Van Mathias

Personal information
- National team: United States
- Born: August 24, 2000 (age 25)

Sport
- Sport: Swimming
- Strokes: Breaststroke, Butterfly

Medal record
Men's swimming
Representing the United States
Pan Pacific Championships
| Gold medal – first place | 2026 Irvine | 100 m breastroke |
| Gold medal – first place | 2026 Irvine | 4×100 m medley |
| Gold medal – first place | 2026 Irvine | 4×100 m mixed medley |
| Silver medal – second place | 2026 Irvine | 50 m butterfly |
| Silver medal – second place | 2026 Irvine | 50 m breaststroke |

= Van Mathias =

American swimmer (born 2000)

Van Mathias (born August 24, 2000) is an American swimmer.

==Career==
Mathias swam collegiately for the Indiana Hoosiers for five seasons. Following the 2023 NCAA Division I Men's Swimming and Diving Championships he retired from swimming. Following his retirement he became the director of operations for the Hoosiers swim and dive program. In 2025, he returned to part-time training.

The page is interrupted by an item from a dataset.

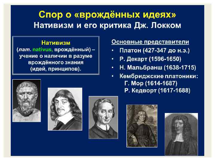 СПОР О «ВРОЖДЁННЫХ ИДЕЯХ» НАТИВИЗМ И ЕГО КРИТИКА ДЖ. ЛОККОМ

On June 17, 2026, during the 2026 USA Swimming Pro Swim Series, he set an Americas record in the 50 meter breaststroke with a time of 26.30 seconds. On June 20, 2026, he set an Americas record in the 100 meter breaststroke with a time of 58.01 seconds. In August 2026, he competed at the 2026 Pan Pacific Swimming Championships and won a gold medal in the 100 meter breaststroke with a Pan Pacific Championships record time of 58.02 seconds. He also won a gold medal in the 4 × 100 meter mixed medley with a world record time of 3:36.70. He had a 57.30 split to put the Americans back in world record contention and extend their lead over the field.